Modeling the interaction is the key

The Server takes in a piece of data and keeps on transforming it, till another piece of data is ready to be handed over to the client. This transformation consists of one or more steps and in each step, one piece gives rise to another piece. Also, in each step, help from other components or services may be summoned and used, before emitting the resultant piece. Therefore, if we can identify each step, what goes into it and what comes out of it, we can easily model how the whole server works! Moreover, with such a model in hand, we can also verify the behaviour of the server.
An obvious first question is how do we identify these pieces? In the world of OO and Functional Programming, where I manage to reside (and so far, have not been evicted), it is quite natural to identify these pieces by their Types! Every step takes in a Type and gives rise to the same or different Type. Given this tenet, how can we represent the way the Server responds to the player?

The Type-borne behaviour

The diagram below elucidates the scheme of things. The rightmost box shows the transformations that are happening inside the Server.
In terms of Types, one way to describe the flow ‘Start A Round’ (above) is:

Let’s elaborate

The logic of confirming the correctness of sessionID passed by the player (is it existing and valid, or not), is encased in the transformer named sessionExistenceChecker. Because the server stipulates that every message reaching its shores, must have a valid sessionID, every message has to pass through sessionExistenceChecker. However, the important observation is this:
sessionExistenceChecker  understands SessionCarrier only. Therefore, in order to be recognized by the checker, every message must also be a SessionCarrier. In OO terms, every message entering sessionExistenceChecker must be subtype (IS-A) of SessionCarrier.
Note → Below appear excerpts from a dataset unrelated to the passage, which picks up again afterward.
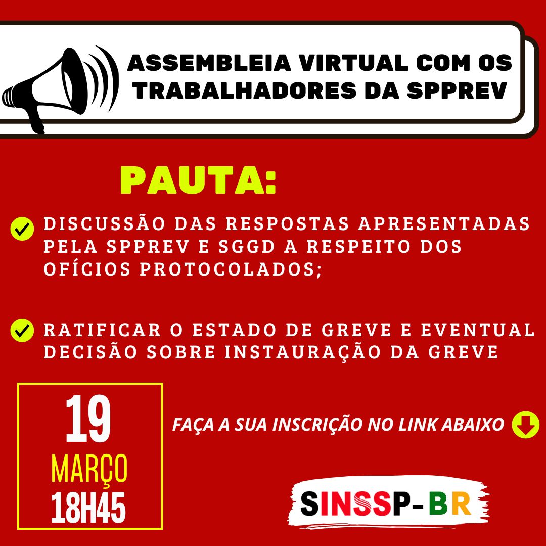 O SINSSP-BR convoca todos trabalhadores da SPPREV, filiados e não filiados, para participarem da Assembleia Geral Extraordinária Virtual, que será realizada no dia 19 de março, às 18h45 em primeira convocação e às 19h em segunda convocação.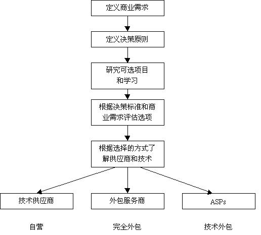 在確定規(guī)模和電子商務的影響之前,應該先花費些時間分析一下環(huán)境條件。圖2提供了一個框架結構,可用于確定實現(xiàn)電子商務支持最好的方式。記住,這只是確定你希望采取的步驟的第一步,下一步將選擇一個銷售商或供應商。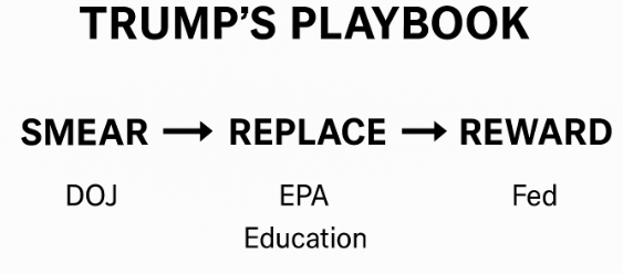 This is the pattern. Trump hires loyalists with baggage because baggage is leverage. He smears the independents to make space for the loyalists. And when the walls close in, he pays them in pardons. It’s how he ran the Justice Department, the EPA, the Department of Education. Now it’s the Federal Reserve.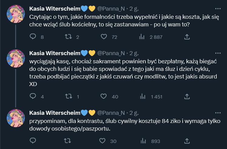 Ja bym z chęcią wziął ślub kościelny, jeśli kiedyś bym miał dziewczynę. Ale niestety nie będzie to możliwe, nad czym ubolewam :// (kościół nie lubi lesbijkowania)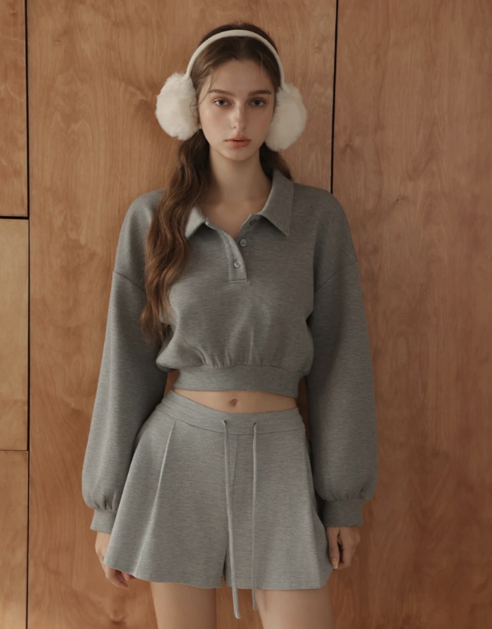 Polo Collar Long Sleeve Cropped Sweatshirt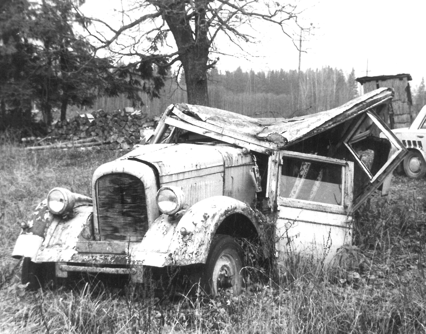 CHEVROLET (u 1935?) Pärast avariid Võru-Põlva maanteel 1991. aastal.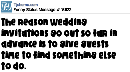 X says The reason wedding invitations go out so far in advance is to give guests time to find something else to do.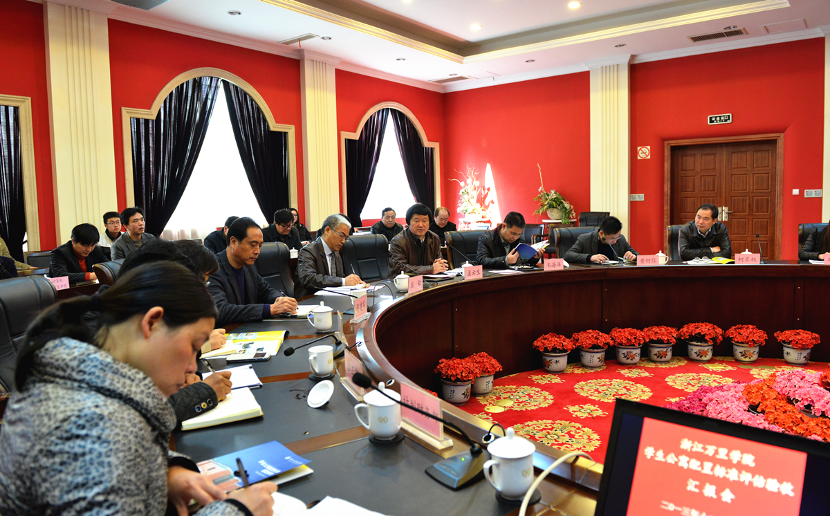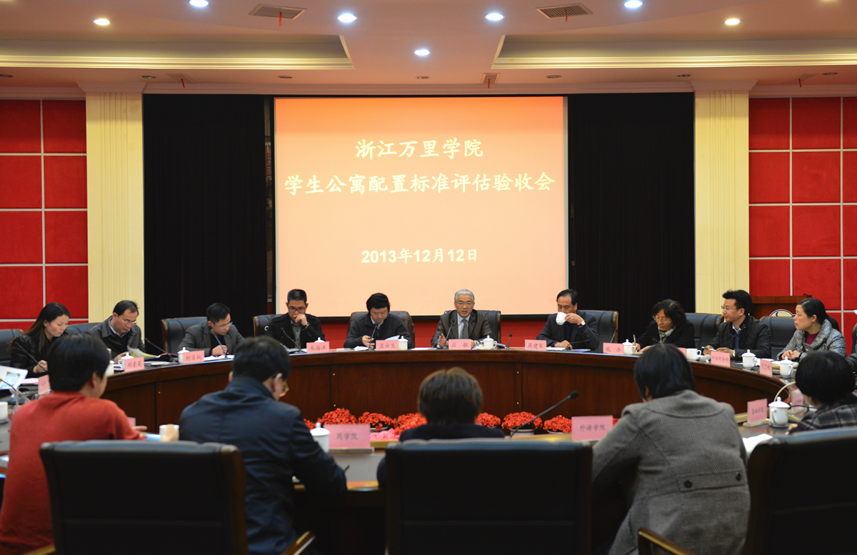 |   12月12日,以中国美术学院孟云生副院长为组长的浙江省高等学校学生公寓配置标准评估验收专家组一行6人莅临我校,对我校学生公寓配置标准工作进行评估验收。副校长应敏,校党委副书记、副校长蒋建军,以及相关职能部门负责人、各二级学院党总支(党委)书记、宁波万里后勤服务有限公司、宁波万里启航后勤服务有限公司领导参加了上午的汇报会。汇报会相关议程分别由应敏副校长和专家组孟云生组长主持。校党委副书记、副校长蒋建军致欢迎辞。他首先对省教育厅专家组的莅临指导表示热烈欢迎,向专家组简要介绍了学校的发展情况和取得的成绩,尤其是学校如何围绕“以生为本”的办学理念,在学生公寓建设、文明寝室建设等方面的进展。最后,他真诚希望教育厅专家组对我校标准化公寓建设工作尤其是寝室文明建设多提宝贵意见,以进一步促进我校学生公寓、社区文化、寝室文明等各个方面的建设工作。

There are three benefits of this approach:
- Type is self-documenting: the model is self-explanatory. The constraints are obvious. If I want to know what do I need to gather before I can ask sessionExistenceChecker to flag me off OK, I have to look no further than the type it expects.
- Compiler helps to reduce defect: if I am unmindful and pass a message which is not session-id-checkable, the compiler will block my progress with a grim message. A defect will be forestalled much before the code is readied for testing. That’s a substantial gain.
- Code is intuitive and readable: it is quite easy - in many cases straightforward - to translate this model into code (we will see a little later).

Now, let’s look at the result of transformation. The transformer applies its logic and emits either of these Types:
IncorrectSessionIDProvided
This indicates that not everything is correct with the SessionCarrier that has been passed.
StartARound
This indicates that StartARound type - which IS-A SessionCarrier - has come out of the checker, unscathed!
The key understanding, again, is that these are not values but Types! The actual (runtime) objects moving in and out of the checker may carry anything, but they must conform to these Types.

The next step (refer to the shaded region of the Flow diagram, above) is to choose a number for the player, associate that with a Round Identifier and then get back to her with an appropriate message. This logic is encased in the transformer named guessNumberPreparator. Because it  is next to sessionExistenceChecker, it has but got to be capable of consuming either of IncorrectSessionIDProvided and StartARound. Then, it emits either of these Types:


IncorrectSessionIDProvided
This indicates that not everything is correct with the SessionCarrier that has been passed.
RoundStarted
This carries
  • A confirmation that the Session Identifier passed with StartARound has been found to be correct (by the checker earlier)
  • A confirmation that the Server has chosen a number for the player
  • A identifier of the round given to the player to guess
That’s it. We have the blueprint of the Server’s implementation of Interaction[1], available.
Translating this into code - when implemented using Akka Streams - we get this:
val serverSays =
       Source
           .single(StartARound("A123")) // A123 is a session id, obtained from AUTH service
           .via(sessionExistenceChecker)
           .via(guessNumberPreparator)
The diagram below illustrates Server’s implementation of Interaction[2]: when Player makes a guess, and the server gives her points for correct guessing and shows the latest score.
Recall that the Server ends the game after 3 rounds. The way error is handled is the same as that in the previous flow (StartARound). Also, the transformer that checks correctness of Session Identifier is reused here.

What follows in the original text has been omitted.